The couple is now looking forward to retirement. “We’re going back to the Philippines. We’re not needed here anymore,” Bernardo says. “Our legacy is left in the Toronto community.”

 

The Iranians

By Gehna Singh

Karim Hakim began his optical empire by grinding lenses for wholesalers shortly after he arrived in Toronto 33 years ago.

Hakim was one of the first Iranians to immigrate to the city. He learned how to make lenses in his native country, and honed his skills in Germany and Switzerland before coming to Canada to pursue his business aspirations.

Three decades later, 77 Hakim Optical stores dot Ontario, Nova Scotia and New Brunswick. “By nature, immigrants are less spoiled,” Hakim says. “They do work harder and therefore have more opportunity to succeed.”

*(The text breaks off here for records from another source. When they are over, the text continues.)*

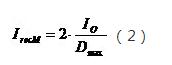 在大多數情況下,反激式開關電源的輸出整流器的最大導通占空比約為0.5。這樣,流過輸出整流器的電流峰值與輸出平均值電流之間的關係為:
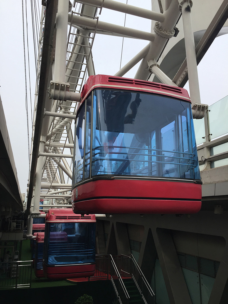 摩天輪直徑為110米,輪外裝掛48個(gè)360度透明座艙,每個(gè)座艙可乘坐8個(gè)人,可同時(shí)供384個(gè)人觀光。摩天輪旋轉(zhuǎn)一周所需時(shí)間為28分鐘,到達(dá)最高處時(shí),周邊景色一覽無余,甚至能看到方圓40公里以內(nèi)的景致,被譽(yù)為“天津之眼”。
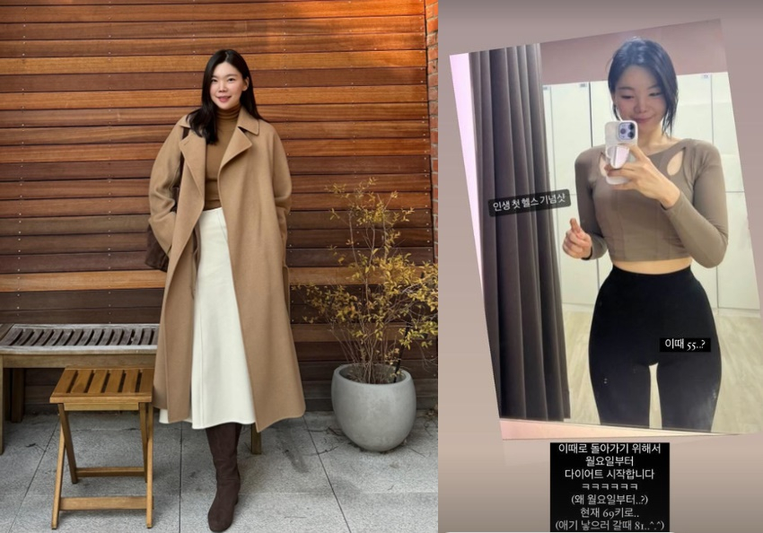 이다은은 사진과 함께 "이때로 돌아가기 위해서 월요일부터 다이어트 시작합니다"라며 "현재 69키로"라고 적었다.
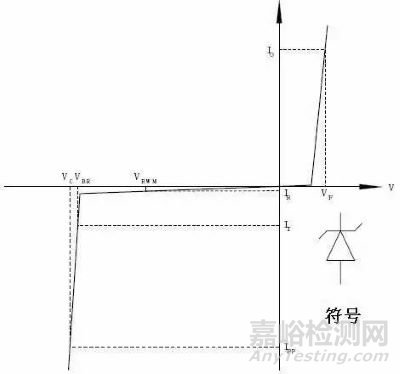 器件在發(fā)生擊穿的區(qū)域內(nèi),在規(guī)定的試驗(yàn)電流I(BR)下,測(cè)得器件兩端的電壓稱為擊穿電壓,在此區(qū)域內(nèi),二極管成為低阻抗的通路。
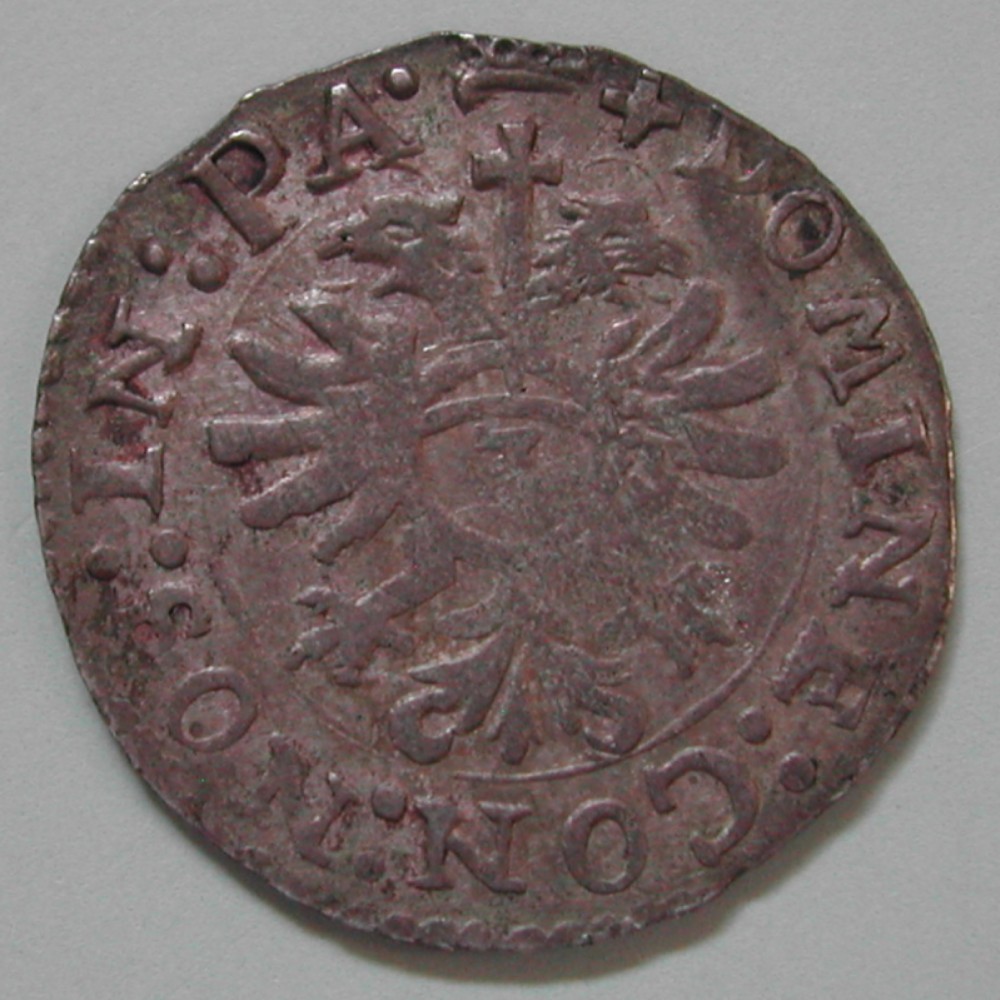 RS: DOMINE:CON:NOS:IN:PA•✚, nimbierter Doppeladler vor Kreuz mit 3 auf Brustschild in feinem Kreis

Sitting in his Yorkville office, Hakim is surrounded by works of Iranian art. He says he faced many challenges on his path to becoming one of Canada’s largest optical retailers. Racism, however, wasn’t one of them. During his 33 years in Toronto, Hakim recalls facing just one incident of racism. It happened during a meeting with a bank manager who refused to give him a loan and questioned how an immigrant could have become so successful so quickly. “He couldn’t understand that an Iranian immigrant could drive a Rolls Royce and have a higher standard of living.”

Most of Toronto’s 60,000 Iranians are highly educated people such as doctors, engineers and lawyers who arrived here in the 1980s. For them, the Iran of 1979 is one that still holds unsettling memories.

It was a time of political upheaval, when a revolutionary group made up of Islamic clergymen overthrew the Shah of Iran, Reza Pahlavi.

The group was led by a man named Khomeni who had returned to Iran from exile and, in a short time, managed to throw the whole country into chaos. Khomeni gained control of the military and judicial systems, persecuting those with any affiliation to the Shah.

War broke out between Iran and Iraq shortly after the revolution, and many who were able to leave did.

Although the community still has strong emotional ties to Iran, many Iranians now refer to Canada, specifically Toronto, as their home.

“Canada has been very good to me and I am good to Canada,” Hakim says. “This is my home. I would protect this land with my life.”